Another relatively easy fix is to guarantee that there is at least one background task, which can be implemented like this:

class BackgroundDummyTask: public Task {
public:
	BackgroundDummyTask(): Task(BACKGROUND_REPEATING) {}
	virtual ~BackgroundDummyTask() {}
	virtual void run() {}
};

//...in TaskManager::start()
	add(TaskPtr(new BackgroundDummyTask()));

The latter has the advantage that it actually allows background tasks to finish what they're doing.

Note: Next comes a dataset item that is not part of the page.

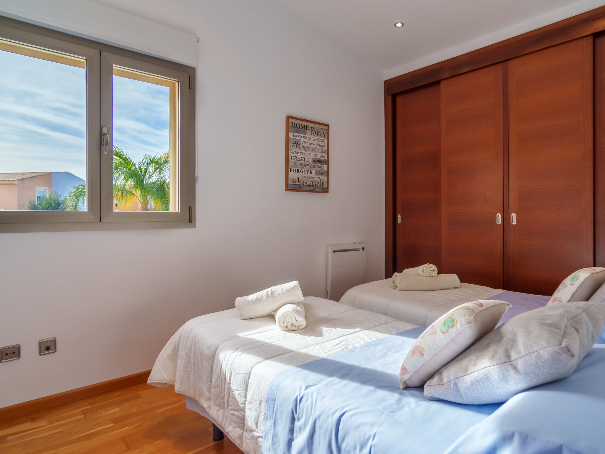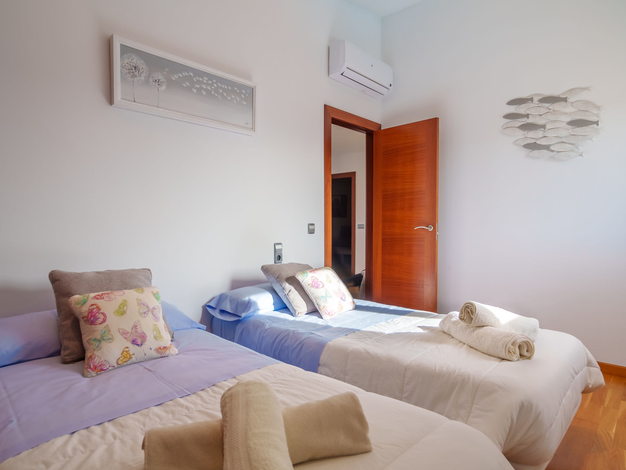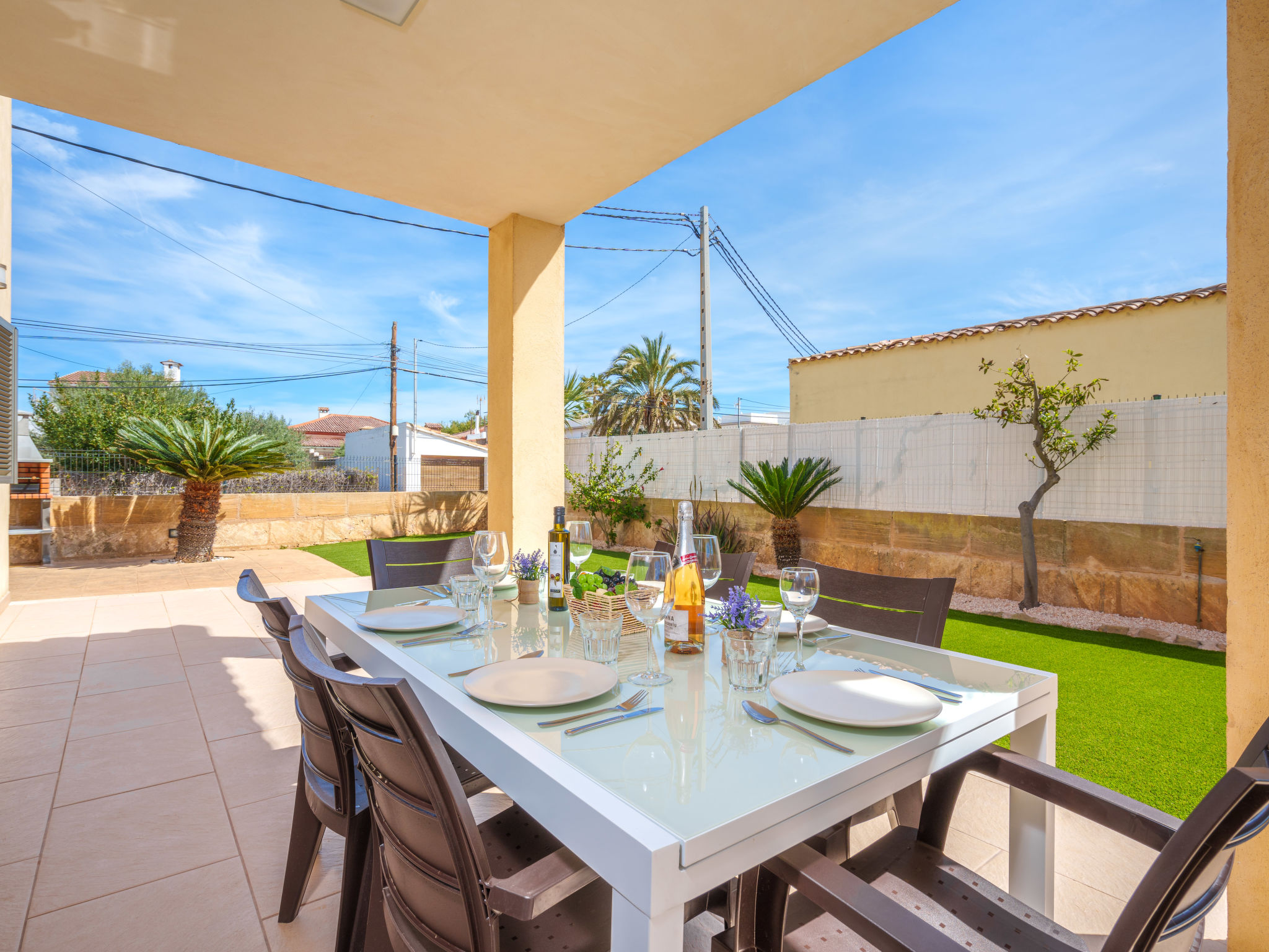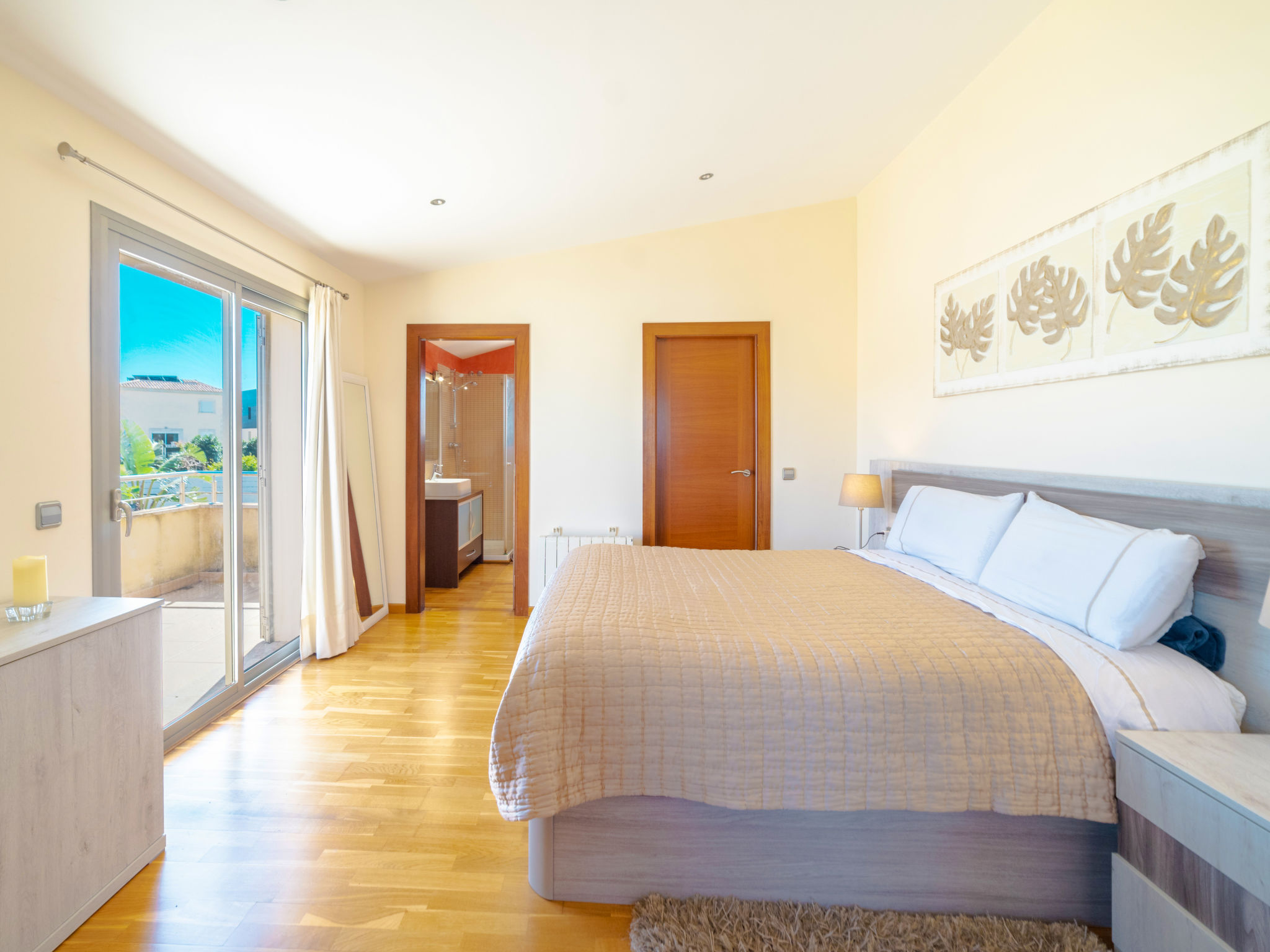 Barcarés 1 km von Alcúdia: Sehr grosse, sehr moderne, alleinstehende Villa "Son Jil", auf 2 Stockwerken, Baujahr 2005. Ruhige, sonnige Lage im Villenviertel, 2 km vom Waldrand, 60 m vom Meer, Strasse zu überqueren. Zur Alleinbenutzung: grosser, gepflegter Garten mit Rasen und Pflanzen, Schwimmbad eckig (8 x 4 m, 150 - 150 cm tief, 01.01.-31.12.) mit Salzelektrolyse-Reinigungssystem. Aussendusche, Sitzplatz, Laube, Pergola, Gartenmöbel, Grill. Im Hause: Internetzugang, Wireless LAN, Zentralheizung, Klimaanlage, Waschmaschine. Parkplatz beim Haus auf dem Grundstück, öffentliches Parkhaus, öffentliche Parkplätze auf der Strasse. Einkaufsgeschäft 1 km, Supermarkt 1.2 km, Einkaufszentrum 45 km, Restaurant, Bar 160 m, Fußgängerzone 50 m, Zentrum zu Fuss in 15 Minuten erreichbar, Bushaltestelle 1.5 km, Fähre 3 km, Sandstrand "Platja Es Morer Vermell" 550 m, Felsstrand "Platja Es Barcarés" 60 m. Sporthafen 250 m, Jacht-Hafen 3 km, Golfplatz (18 Loch) 6 km, Tennis 2.5 km, Reitstall 2.5 km, Sportzentrum 2.5 km, Wanderwege ab Haus 1 km, Radweg 700 m, Kinderspielplatz 500 m. Nahe gelegene Sehenswürdigkeiten: Ermita de la Victoria, Barcarés, Manresa, Sa Marina, Es Malpas. Ciutat Romana de Pollentia, Alcudia. Port d'Alcúdia, Port de Pollença - Pollença, North Beaches. Wandergebiete: Sa Talaia, Es Puig de Sant Martí, Serra Tramuntana Pollença. Bitte beachten: geeignet für Familien, geeignet für Senioren. Objekt geeignet für 8 Erwachsene Jugendgruppen nur auf Anfrage. Flugplatz 60 km vom Haus.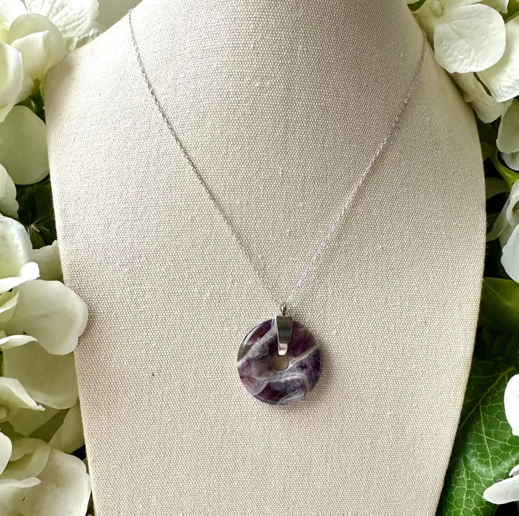 Beautiful and simple, this stunning Amethyst donut pendant is suspended on a sterling silver bail and fitted with a sterling silver 18" chain.

6 thoughts on “Game Engine part 4

  1. I’ve played with your event/task code into my engine and I like it. I’ve made a few minor changes to remove the Boost dependency and I was thinking about using them both in my engine and uploading my version to GitHub.

    However, I’d like to know what copyright/attribution you’d like for your code. I want to give credit where credit is due and honor proper usage.

    1. Nice to know you like the concept. I really don’t recall why I had the boost dependency for these classes, plain std library should be fine.

      As for copyright/attribution, I guess that a standard MIT license should be fine. Thanks again for your interest and contributions 🙂

  2. Hey Ian and Grandmaster, you both did some fantastic work here. Helped me to understand and grasp on more of the advanced techniques.

    However, on the Eventhandlerbridge, I’m doing some tests and whenever I try to remove the channel, the actual bool EventBridge::operator == (const U& handler) const always returns false.

    Basically both mHandler and the passed handler are two different pointers and I don’t understand why. Could be an oversight of mine of sorts. The code currently is almost the same as in Tutorial 3.

    1. And it seems it was human error (or my error) at not placing a & at a specific point. Anyway, many thanks guys for the good work and Grandmaster for these wonderful tutorials.